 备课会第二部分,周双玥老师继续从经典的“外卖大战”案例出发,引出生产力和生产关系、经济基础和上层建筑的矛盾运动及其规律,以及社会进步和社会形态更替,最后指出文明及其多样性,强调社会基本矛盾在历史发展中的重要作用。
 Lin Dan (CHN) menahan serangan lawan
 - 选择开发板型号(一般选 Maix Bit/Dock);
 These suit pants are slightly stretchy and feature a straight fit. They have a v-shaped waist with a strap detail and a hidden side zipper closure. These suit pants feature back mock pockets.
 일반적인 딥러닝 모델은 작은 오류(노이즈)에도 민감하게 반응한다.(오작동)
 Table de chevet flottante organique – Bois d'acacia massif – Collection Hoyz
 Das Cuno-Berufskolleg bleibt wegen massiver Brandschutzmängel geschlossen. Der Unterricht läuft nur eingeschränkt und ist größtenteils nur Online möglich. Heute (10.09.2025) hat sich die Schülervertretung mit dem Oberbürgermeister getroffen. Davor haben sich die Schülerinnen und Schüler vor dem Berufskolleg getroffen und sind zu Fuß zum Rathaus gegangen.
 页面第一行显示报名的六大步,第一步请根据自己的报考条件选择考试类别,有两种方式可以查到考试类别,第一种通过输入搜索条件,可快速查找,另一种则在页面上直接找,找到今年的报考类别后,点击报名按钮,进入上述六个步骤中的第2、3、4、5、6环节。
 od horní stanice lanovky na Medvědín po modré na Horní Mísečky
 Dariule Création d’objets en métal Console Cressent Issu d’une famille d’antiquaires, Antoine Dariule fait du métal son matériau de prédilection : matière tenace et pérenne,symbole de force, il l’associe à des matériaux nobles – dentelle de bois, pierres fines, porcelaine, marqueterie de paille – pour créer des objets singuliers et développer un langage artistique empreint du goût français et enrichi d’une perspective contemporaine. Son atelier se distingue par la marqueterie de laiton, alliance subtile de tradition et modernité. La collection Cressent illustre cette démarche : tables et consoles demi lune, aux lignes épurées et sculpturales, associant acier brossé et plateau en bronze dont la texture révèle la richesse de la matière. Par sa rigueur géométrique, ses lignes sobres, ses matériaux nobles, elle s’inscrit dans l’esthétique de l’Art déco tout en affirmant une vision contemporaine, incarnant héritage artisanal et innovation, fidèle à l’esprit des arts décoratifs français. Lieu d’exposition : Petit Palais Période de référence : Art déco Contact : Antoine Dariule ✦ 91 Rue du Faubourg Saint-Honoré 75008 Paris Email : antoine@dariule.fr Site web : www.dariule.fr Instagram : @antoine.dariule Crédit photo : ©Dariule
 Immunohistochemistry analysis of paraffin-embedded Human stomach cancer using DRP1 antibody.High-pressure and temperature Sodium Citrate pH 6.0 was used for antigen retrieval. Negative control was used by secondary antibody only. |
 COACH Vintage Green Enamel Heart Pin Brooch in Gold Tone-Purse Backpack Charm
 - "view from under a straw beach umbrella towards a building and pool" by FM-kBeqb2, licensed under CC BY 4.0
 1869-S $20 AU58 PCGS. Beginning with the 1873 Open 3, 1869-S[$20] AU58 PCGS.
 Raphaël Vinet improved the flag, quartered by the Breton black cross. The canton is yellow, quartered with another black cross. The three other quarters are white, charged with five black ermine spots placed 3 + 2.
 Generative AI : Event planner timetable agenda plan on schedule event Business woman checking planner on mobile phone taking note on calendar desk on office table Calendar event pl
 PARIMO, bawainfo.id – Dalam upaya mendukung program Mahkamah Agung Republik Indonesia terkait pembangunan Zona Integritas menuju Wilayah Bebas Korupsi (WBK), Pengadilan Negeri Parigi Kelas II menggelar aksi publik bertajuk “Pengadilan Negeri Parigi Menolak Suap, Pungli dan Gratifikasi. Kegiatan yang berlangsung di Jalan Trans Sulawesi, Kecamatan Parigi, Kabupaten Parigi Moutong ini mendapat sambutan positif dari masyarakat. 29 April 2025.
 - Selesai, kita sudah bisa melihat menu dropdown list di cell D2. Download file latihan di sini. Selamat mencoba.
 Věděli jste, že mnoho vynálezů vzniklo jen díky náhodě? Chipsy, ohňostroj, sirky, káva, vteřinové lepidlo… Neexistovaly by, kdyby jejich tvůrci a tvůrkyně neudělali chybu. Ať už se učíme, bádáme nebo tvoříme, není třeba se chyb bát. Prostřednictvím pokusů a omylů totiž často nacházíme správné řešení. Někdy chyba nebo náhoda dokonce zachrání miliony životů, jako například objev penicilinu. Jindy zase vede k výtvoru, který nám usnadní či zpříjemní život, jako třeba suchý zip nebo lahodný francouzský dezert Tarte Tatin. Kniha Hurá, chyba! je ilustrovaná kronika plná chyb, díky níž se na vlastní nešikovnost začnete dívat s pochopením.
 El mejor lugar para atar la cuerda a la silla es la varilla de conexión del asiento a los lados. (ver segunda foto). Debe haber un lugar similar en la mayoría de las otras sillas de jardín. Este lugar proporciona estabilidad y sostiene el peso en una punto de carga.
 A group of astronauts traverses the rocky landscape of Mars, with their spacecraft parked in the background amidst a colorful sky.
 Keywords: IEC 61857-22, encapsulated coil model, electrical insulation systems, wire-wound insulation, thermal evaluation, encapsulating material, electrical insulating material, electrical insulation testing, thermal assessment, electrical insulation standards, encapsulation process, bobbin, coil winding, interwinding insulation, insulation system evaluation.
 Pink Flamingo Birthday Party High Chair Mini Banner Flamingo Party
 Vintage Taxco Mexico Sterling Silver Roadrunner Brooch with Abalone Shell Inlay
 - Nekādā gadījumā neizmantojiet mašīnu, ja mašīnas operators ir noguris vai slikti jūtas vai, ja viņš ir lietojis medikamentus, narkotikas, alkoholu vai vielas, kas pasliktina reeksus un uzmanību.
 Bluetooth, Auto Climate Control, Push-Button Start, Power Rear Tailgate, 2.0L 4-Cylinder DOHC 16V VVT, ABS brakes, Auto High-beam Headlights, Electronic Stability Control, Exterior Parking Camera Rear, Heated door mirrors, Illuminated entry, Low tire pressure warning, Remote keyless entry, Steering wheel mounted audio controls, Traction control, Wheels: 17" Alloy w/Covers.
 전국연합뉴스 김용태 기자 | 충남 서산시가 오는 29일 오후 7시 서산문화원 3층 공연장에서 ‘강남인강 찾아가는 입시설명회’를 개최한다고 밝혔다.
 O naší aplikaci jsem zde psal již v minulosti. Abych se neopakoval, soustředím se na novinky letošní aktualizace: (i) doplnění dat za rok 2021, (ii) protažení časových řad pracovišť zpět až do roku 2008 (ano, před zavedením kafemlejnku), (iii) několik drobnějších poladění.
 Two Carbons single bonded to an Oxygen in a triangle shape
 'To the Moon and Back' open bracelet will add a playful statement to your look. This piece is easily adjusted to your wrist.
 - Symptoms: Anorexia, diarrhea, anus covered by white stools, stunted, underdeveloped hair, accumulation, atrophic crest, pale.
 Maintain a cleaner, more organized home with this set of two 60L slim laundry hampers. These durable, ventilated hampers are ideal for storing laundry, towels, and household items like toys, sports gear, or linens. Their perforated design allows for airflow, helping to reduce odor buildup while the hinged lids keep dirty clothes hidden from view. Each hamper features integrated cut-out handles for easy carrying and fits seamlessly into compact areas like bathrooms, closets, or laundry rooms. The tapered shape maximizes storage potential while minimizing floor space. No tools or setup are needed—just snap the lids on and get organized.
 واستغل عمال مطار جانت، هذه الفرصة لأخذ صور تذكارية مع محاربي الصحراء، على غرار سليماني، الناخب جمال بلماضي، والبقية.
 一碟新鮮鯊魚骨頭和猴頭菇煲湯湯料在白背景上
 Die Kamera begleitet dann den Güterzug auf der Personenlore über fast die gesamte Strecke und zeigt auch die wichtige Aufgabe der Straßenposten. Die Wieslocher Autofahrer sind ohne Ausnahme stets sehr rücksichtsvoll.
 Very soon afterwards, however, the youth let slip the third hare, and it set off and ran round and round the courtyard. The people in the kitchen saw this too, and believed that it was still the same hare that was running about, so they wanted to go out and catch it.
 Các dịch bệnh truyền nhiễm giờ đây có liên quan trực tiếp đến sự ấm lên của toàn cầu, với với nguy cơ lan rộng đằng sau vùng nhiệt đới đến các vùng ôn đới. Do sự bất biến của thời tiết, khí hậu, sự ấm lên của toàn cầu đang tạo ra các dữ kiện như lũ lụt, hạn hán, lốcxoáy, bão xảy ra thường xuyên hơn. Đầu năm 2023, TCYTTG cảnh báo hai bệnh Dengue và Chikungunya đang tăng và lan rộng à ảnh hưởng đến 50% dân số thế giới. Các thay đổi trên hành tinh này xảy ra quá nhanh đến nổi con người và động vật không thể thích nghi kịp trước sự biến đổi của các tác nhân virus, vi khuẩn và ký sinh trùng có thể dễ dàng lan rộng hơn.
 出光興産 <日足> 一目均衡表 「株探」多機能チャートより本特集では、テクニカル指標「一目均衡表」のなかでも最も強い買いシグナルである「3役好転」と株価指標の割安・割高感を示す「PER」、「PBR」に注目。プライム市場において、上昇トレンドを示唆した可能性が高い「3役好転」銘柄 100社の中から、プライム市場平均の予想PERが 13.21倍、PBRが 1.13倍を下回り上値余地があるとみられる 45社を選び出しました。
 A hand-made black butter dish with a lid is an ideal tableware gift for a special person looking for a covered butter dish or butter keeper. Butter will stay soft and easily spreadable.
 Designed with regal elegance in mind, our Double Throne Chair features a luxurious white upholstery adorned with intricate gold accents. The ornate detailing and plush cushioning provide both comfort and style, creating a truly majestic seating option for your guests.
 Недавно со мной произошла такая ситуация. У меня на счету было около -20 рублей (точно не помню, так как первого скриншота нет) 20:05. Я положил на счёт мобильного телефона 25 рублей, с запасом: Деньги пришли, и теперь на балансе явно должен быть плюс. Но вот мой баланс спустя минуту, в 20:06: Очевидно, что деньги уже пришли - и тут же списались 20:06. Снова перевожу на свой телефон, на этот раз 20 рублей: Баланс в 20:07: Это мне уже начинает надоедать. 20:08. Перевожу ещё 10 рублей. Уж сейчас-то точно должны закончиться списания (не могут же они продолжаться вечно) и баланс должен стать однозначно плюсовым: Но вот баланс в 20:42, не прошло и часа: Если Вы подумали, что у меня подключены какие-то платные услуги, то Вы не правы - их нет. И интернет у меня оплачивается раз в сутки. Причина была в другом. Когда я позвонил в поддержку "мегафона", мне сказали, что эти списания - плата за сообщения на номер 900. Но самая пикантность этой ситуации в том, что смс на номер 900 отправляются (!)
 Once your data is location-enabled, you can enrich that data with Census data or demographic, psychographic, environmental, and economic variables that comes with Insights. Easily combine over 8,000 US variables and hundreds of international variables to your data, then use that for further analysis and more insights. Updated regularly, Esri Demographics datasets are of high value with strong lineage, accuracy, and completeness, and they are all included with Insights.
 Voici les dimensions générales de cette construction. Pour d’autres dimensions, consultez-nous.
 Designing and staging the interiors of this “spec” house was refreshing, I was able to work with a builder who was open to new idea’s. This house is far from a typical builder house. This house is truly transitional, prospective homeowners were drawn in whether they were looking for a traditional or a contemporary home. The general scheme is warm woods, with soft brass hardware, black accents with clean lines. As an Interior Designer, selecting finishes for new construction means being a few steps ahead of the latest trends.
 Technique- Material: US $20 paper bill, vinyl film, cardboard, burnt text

=== ACTIVITY ===
As the answer, set down only the lines from the data above between the one holding "- Selesai, kita" and the one holding "Věděli jste, že", inclusive, exactly as they read.

=== SOLVED EXERCISE ===
 - Selesai, kita sudah bisa melihat menu dropdown list di cell D2. Download file latihan di sini. Selamat mencoba.
 Věděli jste, že mnoho vynálezů vzniklo jen díky náhodě? Chipsy, ohňostroj, sirky, káva, vteřinové lepidlo… Neexistovaly by, kdyby jejich tvůrci a tvůrkyně neudělali chybu. Ať už se učíme, bádáme nebo tvoříme, není třeba se chyb bát. Prostřednictvím pokusů a omylů totiž často nacházíme správné řešení. Někdy chyba nebo náhoda dokonce zachrání miliony životů, jako například objev penicilinu. Jindy zase vede k výtvoru, který nám usnadní či zpříjemní život, jako třeba suchý zip nebo lahodný francouzský dezert Tarte Tatin. Kniha Hurá, chyba! je ilustrovaná kronika plná chyb, díky níž se na vlastní nešikovnost začnete dívat s pochopením.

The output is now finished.